Dzisiaj po południu na specjalnej konferencji prasowej przed meczem z Atalantą BC w ramach Pucharu Włoch z dziennikarzami spotkał się trener Juventusu FC. Massimiliano Allegri między innymi przekonywał, że Stara Dama nie jest faworytem do wygrania Ligi Mistrzów. Opiekun Bianconerich zabrał również głos na temat urazu Leonardo Bonucciego.
– Miralem Pjanic i Sami Khedira będą do mojej dyspozycji na jutrzejsze starcie, być może w kadrze znajdzie się też Mario Mandzukić – powiedział trener Juve w przekazie dla przedstawicieli mediów.
– W naszych szeregach zabraknie z kolei Andrei Barzagliego, Juana Cuadrado i Loenardo Bonucciegi. W każdym razie w przypadku tego ostatniego muszę powiedzieć, że uraz jest mniej poważny, niż pierwotnie przypuszczano. Jeśli wszystko się ułoży, to będzie z nami jutro także Martin Caceres – dodał Allegri.
– Jutro w naszej defensywie powinni zagrać Giorgio Chiellini, Daniele Rugani i Joao Cancelo, ale muszę jeszcze przemyśleć sprawę tego, kto ma zagrać na lewej stronie obrony – mówił Włoch.
Allegri wypowiedział się również na temat ewentualnych występów Wojciech Szczęsnego i CR7. – Czy zagra Ronaldo? Muszę z nim jeszcze porozmawiać na ten temat. To zawodnik będący w tym roku świetnie przygotowany pod względem fizycznym, który gra na niezwykle dużej intensywności – mówił trener Juventusu.

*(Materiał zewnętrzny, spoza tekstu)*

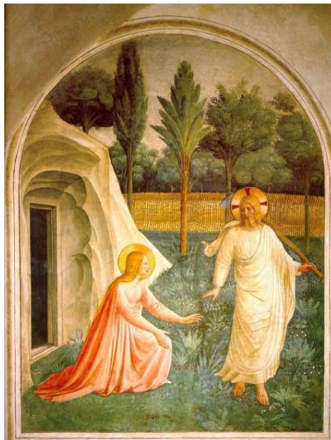
Noli me Tangere- 'Touch me not. ' Fra Angelico 1442

Men called you light so as to load you down, And burden you with their own weight of sin, A woman forced to cover and contain Those seven devils sent by Everyman. But one man set you free and took your part One man knew and loved you to the core The broken alabaster of your heart Revealed to Him alone a hidden door, Into a garden where the fountain sealed, Could flow at last for him in healing tears, Till, in another garden, he revealed The perfect Love that cast out all your fears, And quickened you with love's own sway and swing, As light and lovely as the news you bring.
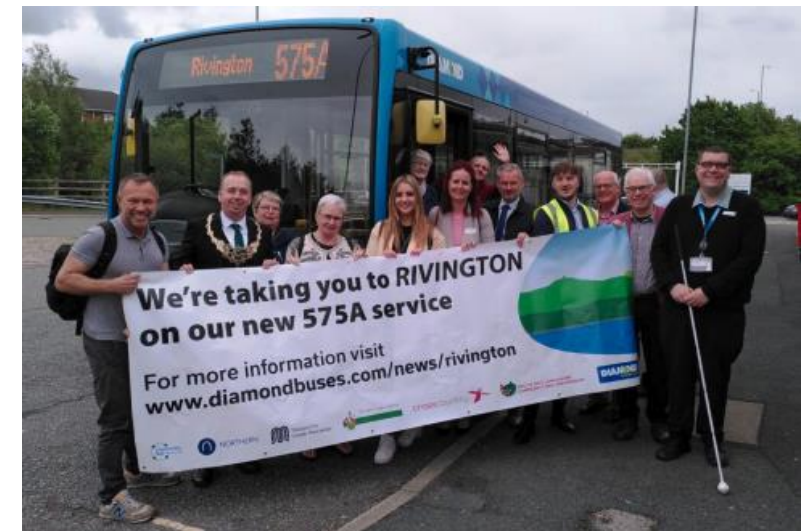
South East Lancashire CRP's Rivington Rambler
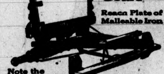
Note the Adjustable Brake Lever

The gears of Thornhill wagons stay in line for life. Instead of the usual front hound plate, hound plate of malleable iron is used. It is a metal jacket braced at eight points that keeps gears from ever getting out of line.

– Co do Szczęsnego to mogę ujawnić, że jutro zagra, z kole w sobotę wystąpi Mattia Perin – rzekł opiekun mistrzów Włoch.
Allegri odniósł się też do doniesień związanych z tym, że Juve postrzegane jest jako faworyt do wygrania Champions League.
– Nigdzie nie jest napisane, że jesteśmy super faworytami do triumfu w Lidze Mistrzów. To byłoby szaleństwo. Niemniej teraz koncentrujemy się na meczu z Atalantą. Czeka nas trudne spotkanie z mocnym przeciwnikiem, który jest ostatnio w dobrej dyspozycji – rzekł szkoleniowiec teamu z Piemontu.
– Aby wygrać, będziemy musieli wykorzystać wady rywala, zwracając uwagę na jego mocne strony. Dla naszych przeciwników będzie to ważny wieczór, ale musimy spojrzeć na siebie, czyli wywalczyć awans do półfinału i spróbować zagrać w naszym piątym z rzędu finale – skwitował.